To do so, we need to find two starting values for the line search. Those are marked as green. In practice, boottest() needs to do some work to find them, but here we will skip this step.

We will start from the empirical confidence interval calculated by confint():

confint(fit)
#>                    2.5 %     97.5 %
#> (Intercept)  0.964052355 1.00325628
#> X           -0.007654199 0.03204427

We create two sets of starting values by adding a value \(\epsilon \neq 0\) to the confidence boundaries of the confidence set obtained by confint():

epsilon <- 0.01

startset1 <- confint(fit)["X",][1] + c(-epsilon, epsilon)
startset2 <- confint(fit)["X",][2] + c(-epsilon, epsilon)

With these starting values at hand, we can invert \(p(.)\) numerically by a root finding procedure - we will run a simple bisection.

invert_p_val <- function(X, y, startset1, startset2, alpha){
  
  # p-val - sign_level 
  p_val_x_sign_level <- function(r) {
    p_val(X = X, y = y, r) - alpha
  }
  
  # bisection for both startset1, startset2
  res <- lapply(list(startset1, startset2), function(x){ 
                  
          tmp <- suppressWarnings(stats::uniroot(f = p_val_x_sign_level,
                                  lower = min(x),
                                  upper = max(x),
                                  tol = 1e-08,
                                  maxiter = 10)$root)

          })

  unlist(res)
  
}

Now, which confidence interval do we get from the numerical p-value inversion?

invert_p_val(X = X, y = y, startset1 = startset1, startset2 = startset2, alpha = 0.05)
#> [1] -0.007654199  0.032044270

As it turns out, this confidence interval is practically identical with the confidence interval based on estimated standard errors:

confint(fit)
#>                    2.5 %     97.5 %
#> (Intercept)  0.964052355 1.00325628
#> X           -0.007654199 0.03204427

We have successfully inverted p-values to obtain a confidence interval and have not calculated a standard error to compute the CI and have not used any asymptotic approximation in the process!

Literature

Djogbenou, Antoine A, James G MacKinnon, and Morten Ørregaard Nielsen. 2019. “Asymptotic Theory and Wild Bootstrap Inference with Clustered Errors.” Journal of Econometrics 212 (2): 393–412.

MacKinnon, James. 2015. “Wild Cluster Bootstrap Confidence Intervals.” L’Actualité économique 91 (1-2): 11–33.

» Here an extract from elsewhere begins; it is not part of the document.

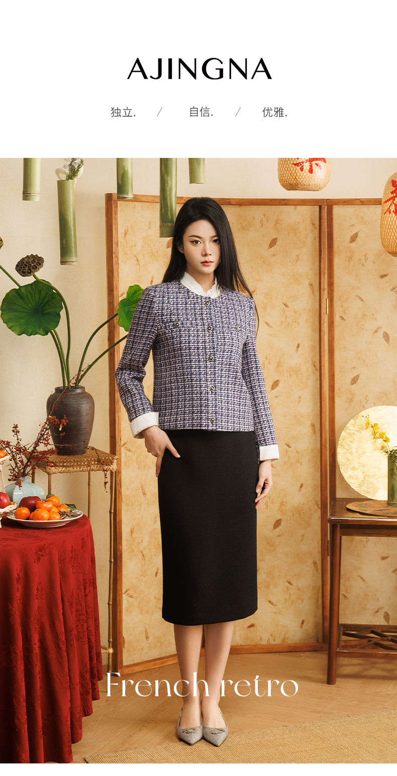 【商场同款】阿菁娜2025春季新款箱型小香风上衣A30C107032

MacKinnon, James G, Morten Nielsen, Matthew D Webb, and others. 2022. “Fast and Reliable Jackknife and Bootstrap Methods for Cluster-Robust Inference.”

MacKinnon, James G, Morten Ørregaard Nielsen, and Matthew D Webb. 2022. “Cluster-Robust Inference: A Guide to Empirical Practice.” Journal of Econometrics.

MacKinnon, James G, and Matthew D Webb. 2018. “The Wild Bootstrap for Few (Treated) Clusters.” The Econometrics Journal 21 (2): 114–35.

Roodman, David, Morten Ørregaard Nielsen, James G MacKinnon, and Matthew D Webb. 2019. “Fast and Wild: Bootstrap Inference in Stata Using Boottest.” The Stata Journal 19 (1): 4–60.

Webb, Matthew D. 2013. “Reworking Wild Bootstrap Based Inference for Clustered Errors.” Queen’s Economics Department Working Paper.